Russia survived, developed and grew, including economically, when it expanded geographically. It is an Asian empire in its structure and mentality. As soon as growth stops, Russia either disintegrates or there is a revolution there. So Russia will expand until it gets punched in the nose. As long as it is allowed to expand, it will expand - on the last resources. As I said, the economy is weak, money is scarce, but there is unlimited human resources and an irrational desire to take over half the world. Guided by this, Russia will try to crush Ukraine. Russia will try to include the Baltic states into its zone of influence in one way or another, and Lukashenko is its ally. This has to be understood. I am glad that Lithuanian and Polish politicians realize this. And it is especially good that the European military realize the importance of the "Belarusian balcony" and the geopolitical position of our country. I very much hope that this understanding will help to draw more attention to the situation in Belarus and Ukraine.

- So far, one gets the impression that the border countries understand it, but the further ones do not, especially not the United States. And there is a feeling that Ukraine is being drained.

- The question is whether the country is a subject, or it is just an object in someone's game. Ukraine has already paid a very high price for its freedom and will not allow itself to be "merged". This is an example for us, when in harsh, inhuman conditions, in freezing cold, with limited resources the country fights against the largest state in the world.

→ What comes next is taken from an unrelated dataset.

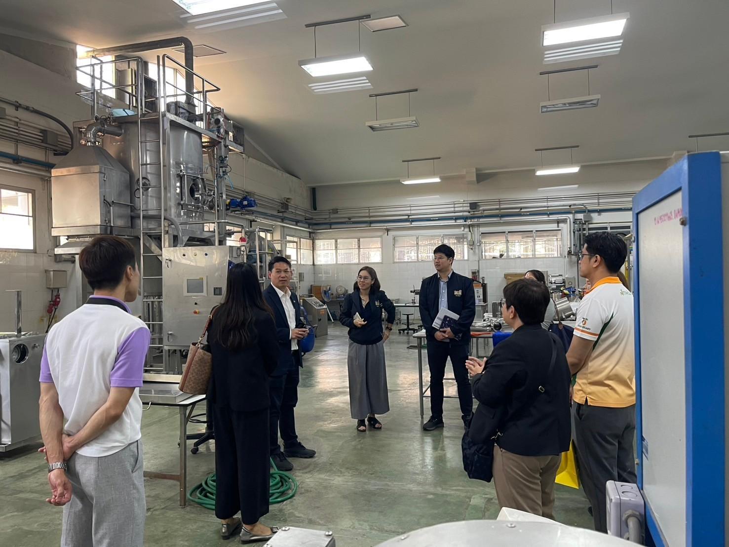 February 4, 2025 – Assoc.Prof.Dr. Yuthana Phimolsiripol, Dean, and Assoc.Prof.Dr. Niramon Utama-ang, Associate Dean, welcomed a study visit delegation from the Office of the National Economic and Social Development Council (NESDC). The delegation visited the Faculty of Agro-Industry, exploring the laboratory, sensory evaluation unit, Food Innovation and Packaging Center, and pilot plant. The visit aimed to assess the faculty’s readiness in workforce development that aligns with future labor market demands. This initiative is part of NESDC’s pilot project on designing vocational workforce development towards high-competency manpower to support the Northern Economic Corridor (NEC) advancement. A total of seven participants joined the study visit.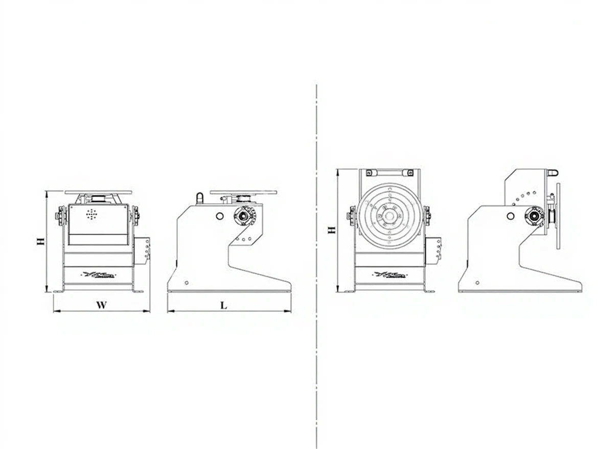 Positioners consist of body, motor, table rotating and tilting systems, electrical panel, and remote operator control unit, offering the best structural protection. For heavy workpieces, positioners are fixed to the ground. Optional T-slots are available on the table to provide quick clamping of workpieces.

Let's remember 2022. Ukraine then, by and large, was able to stop Russian aggression single-handedly. There was no serious help yet, but Ukrainians were able to resist the enemy. Today I see that Ukraine is ready to fight, and this is an example for us, for Belarusians. Ukraine has shown its strength. Strength will always be reckoned with.

Earlier, when there were events in Crimea and Donbass, many people asked why the West did not stand up for Ukraine. The answer was simple: at that time Ukraine could not defend Crimea on its own. But as soon as Ukraine began to defend Donbass, began to fight for it, help began. No one will support the weak. If you are strong, if you demonstrate strength, if you want to win - going back to our events of 2020 - there will be support, and you will be reckoned with.